Dataset content:
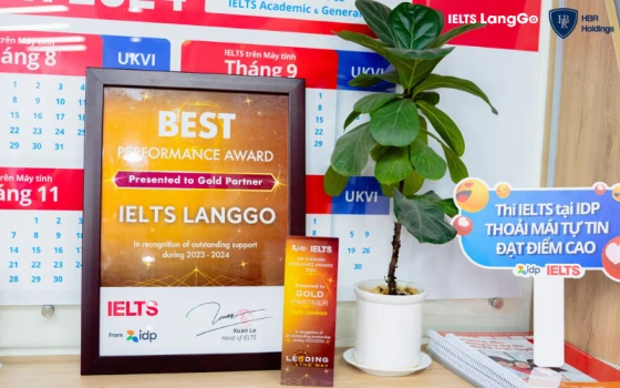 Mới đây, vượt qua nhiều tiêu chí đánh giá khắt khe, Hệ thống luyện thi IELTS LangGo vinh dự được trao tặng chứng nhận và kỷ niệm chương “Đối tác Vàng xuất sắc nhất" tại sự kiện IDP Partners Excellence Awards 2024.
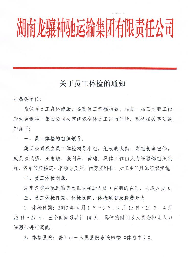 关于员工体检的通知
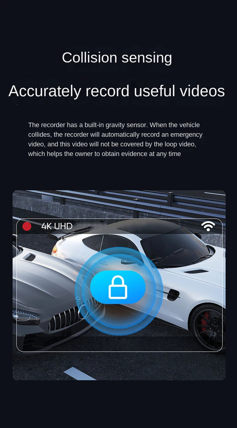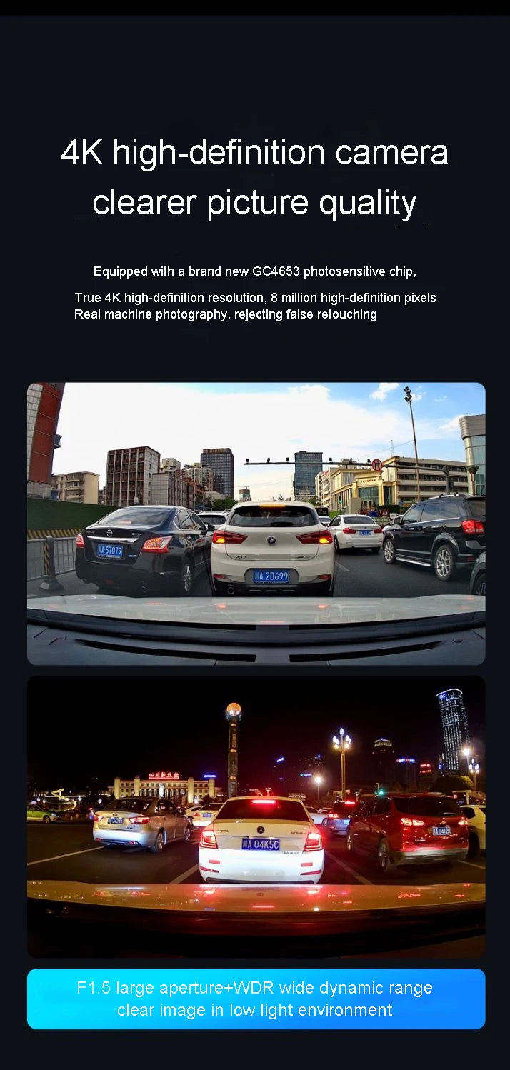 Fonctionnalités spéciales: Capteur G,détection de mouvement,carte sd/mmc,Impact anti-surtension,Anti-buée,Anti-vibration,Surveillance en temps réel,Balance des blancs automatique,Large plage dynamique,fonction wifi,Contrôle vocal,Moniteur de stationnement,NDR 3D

...

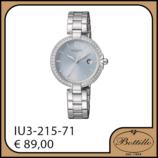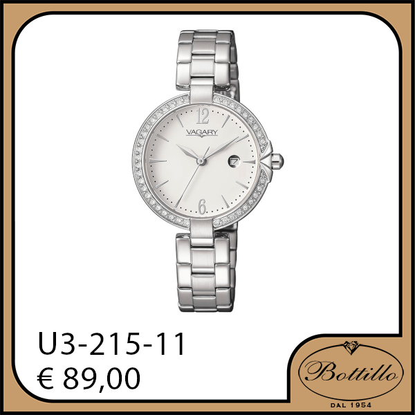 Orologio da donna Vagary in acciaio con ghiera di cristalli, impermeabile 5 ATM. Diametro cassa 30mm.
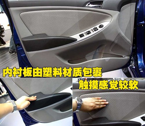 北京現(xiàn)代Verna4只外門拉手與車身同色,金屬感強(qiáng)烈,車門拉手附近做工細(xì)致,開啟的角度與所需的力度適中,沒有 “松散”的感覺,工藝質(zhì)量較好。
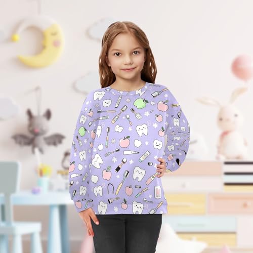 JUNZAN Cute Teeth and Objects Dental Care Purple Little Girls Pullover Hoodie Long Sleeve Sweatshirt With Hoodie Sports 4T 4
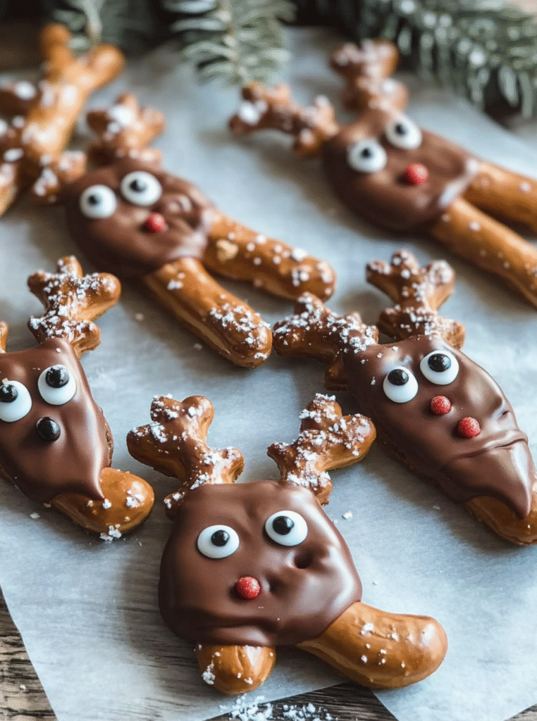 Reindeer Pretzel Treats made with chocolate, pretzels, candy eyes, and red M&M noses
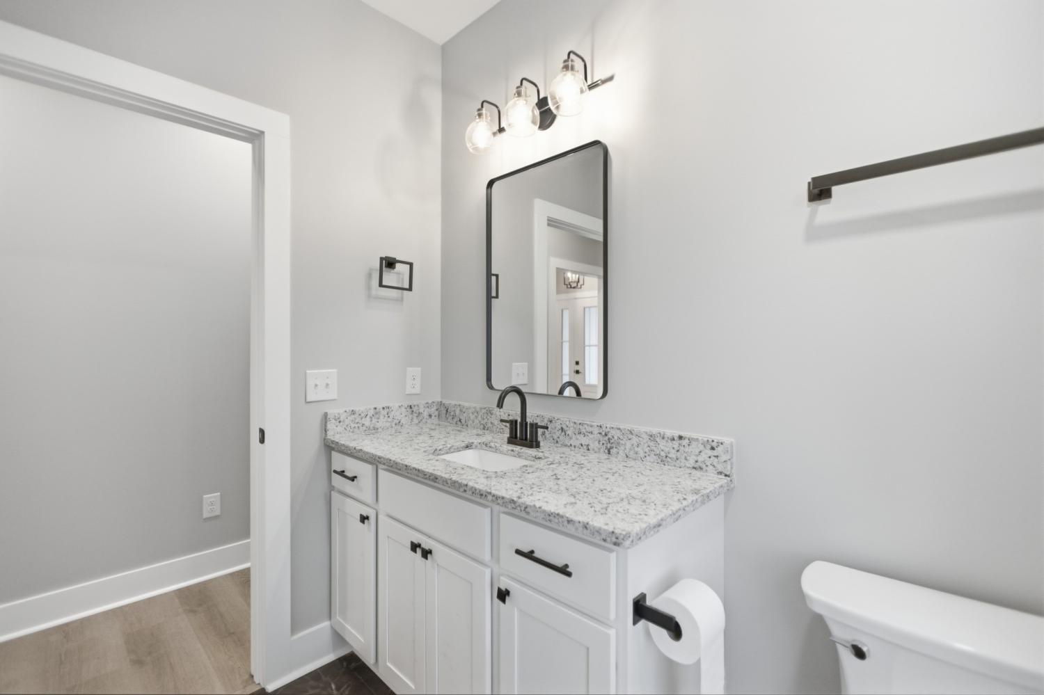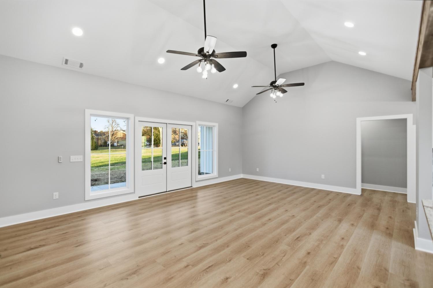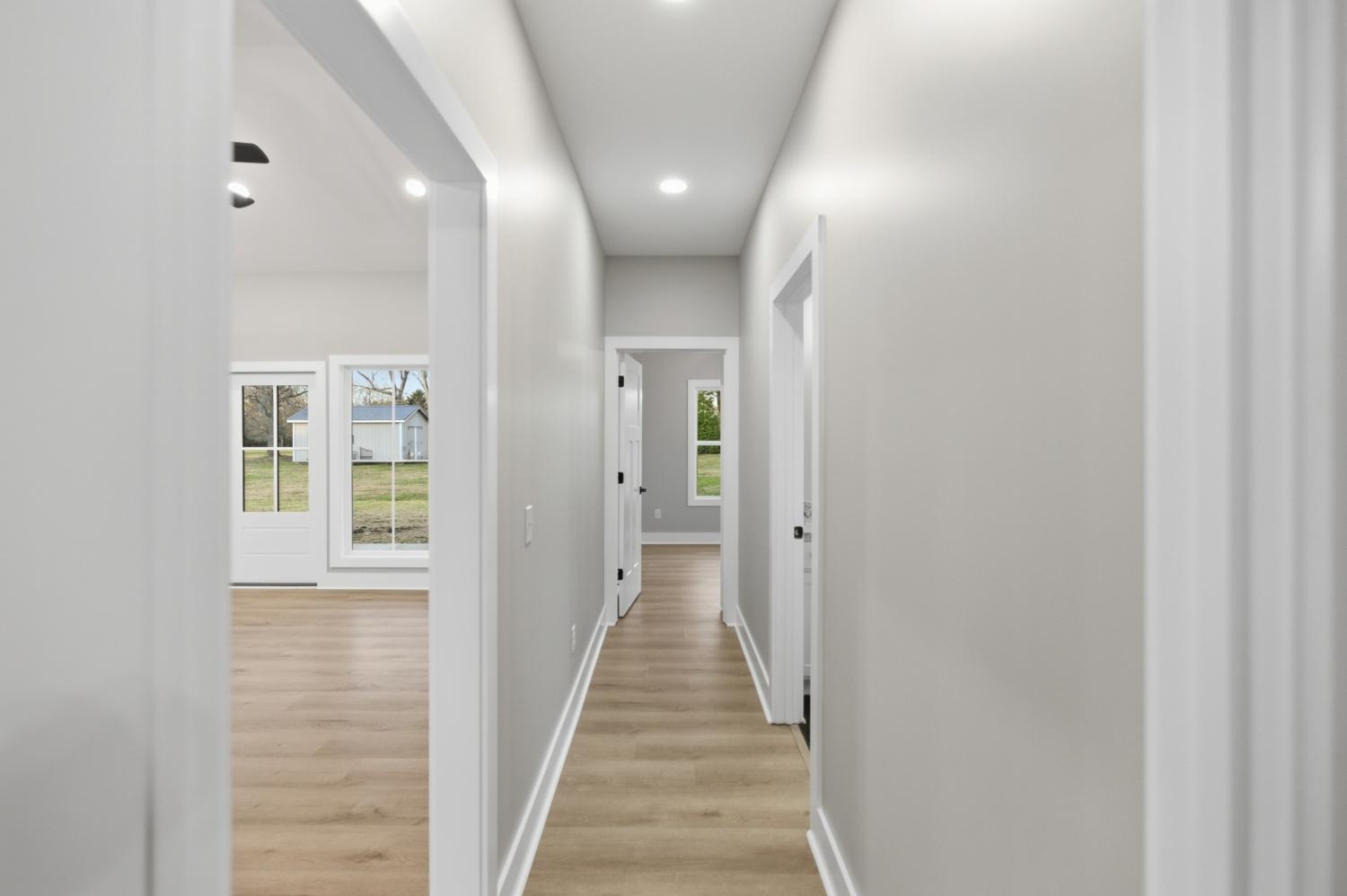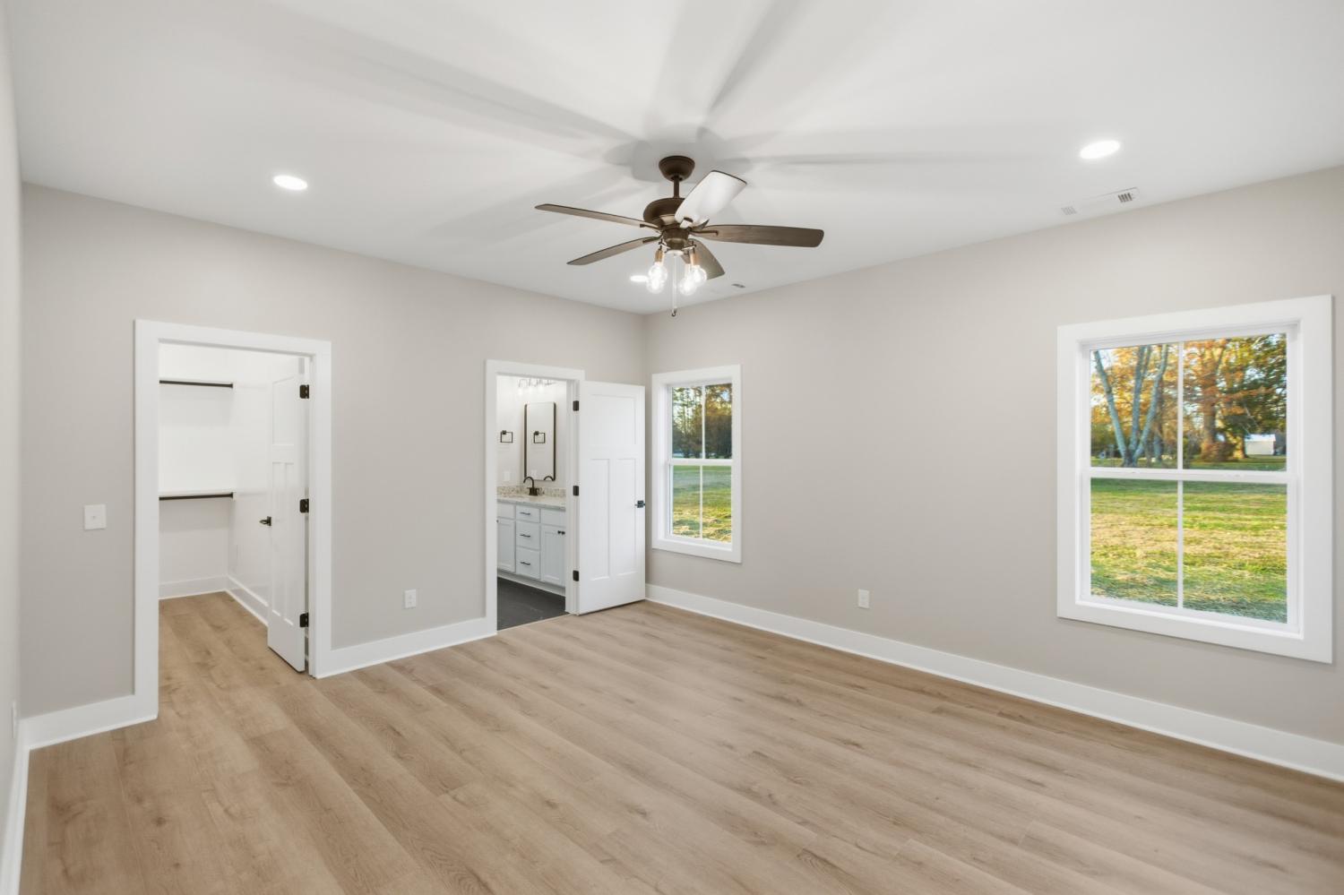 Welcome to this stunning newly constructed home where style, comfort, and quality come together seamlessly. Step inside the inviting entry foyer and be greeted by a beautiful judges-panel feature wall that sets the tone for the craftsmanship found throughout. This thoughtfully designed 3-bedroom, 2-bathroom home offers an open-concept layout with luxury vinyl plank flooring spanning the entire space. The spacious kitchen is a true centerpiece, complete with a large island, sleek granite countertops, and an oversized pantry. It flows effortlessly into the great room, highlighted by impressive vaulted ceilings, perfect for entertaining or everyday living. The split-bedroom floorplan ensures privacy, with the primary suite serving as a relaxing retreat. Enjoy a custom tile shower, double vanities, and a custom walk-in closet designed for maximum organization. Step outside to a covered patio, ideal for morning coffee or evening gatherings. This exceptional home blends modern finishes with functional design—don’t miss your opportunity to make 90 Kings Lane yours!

Required work:
Return exactly the part of the listing above that opens with the line containing "Mới đây, vượt" and closes with the line containing "Fonctionnalités spéciales: Capteur". Pictures stay out.

Answer to the problem:
 Mới đây, vượt qua nhiều tiêu chí đánh giá khắt khe, Hệ thống luyện thi IELTS LangGo vinh dự được trao tặng chứng nhận và kỷ niệm chương “Đối tác Vàng xuất sắc nhất" tại sự kiện IDP Partners Excellence Awards 2024.
 关于员工体检的通知
 Fonctionnalités spéciales: Capteur G,détection de mouvement,carte sd/mmc,Impact anti-surtension,Anti-buée,Anti-vibration,Surveillance en temps réel,Balance des blancs automatique,Large plage dynamique,fonction wifi,Contrôle vocal,Moniteur de stationnement,NDR 3D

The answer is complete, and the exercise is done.